My meditation tonight is about the truth verses the lie. Obviously. I'm taking a look into my space to see what controls my space about truth and what affects my ability to see a lie. Anyone can take a look at this for themselves in meditation. Or if you're having a hard time seeing your own space, give me a call and I'll take a look for you.

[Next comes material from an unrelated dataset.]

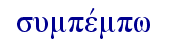 | 04842 συμπέμπω 动词 1不定式συνέπεμψα。同时打发τινά τινι某人与某人, 林后8:22 。或τινὰ μετά τινος, 林后8:18 。* 说明 |

Ah, and confessions. My confession is this: I didn't really do any yoga today. Gasp! I woke early for my last session of physical therapy - an hour of one legged squats, lunges, and abdominal work. Ouch. I spent an hour trying to set up a space for a yoga class that no one showed up to (although, to my credit, I did 15 minutes of sun salutations and flow while waiting), and then I went straight to work until the evening. I had intentions of attending an evening yoga class, but the look on my pets faces (and their body language) stopped me. I've realized that lately with all the new stress in our house (my husband entering into the teaching portion of his professorship plus my two new jobs), my pets are hard hit. My dog seems depressed, low energy, and sad, even. My cat can't wait to jump into my lap every time I sit down. In fact, above is a picture of Zoe "helping" me pay the bills this morning in my 15 minutes of sit down time.

So instead of yoga, I came home for the evening to spend time with my family. So maybe I don't get 365 asana. I thought of yoga. I did some yoga. But I didn't spend an hour on my mat. Instead, I spent an hour as the mat for my cat.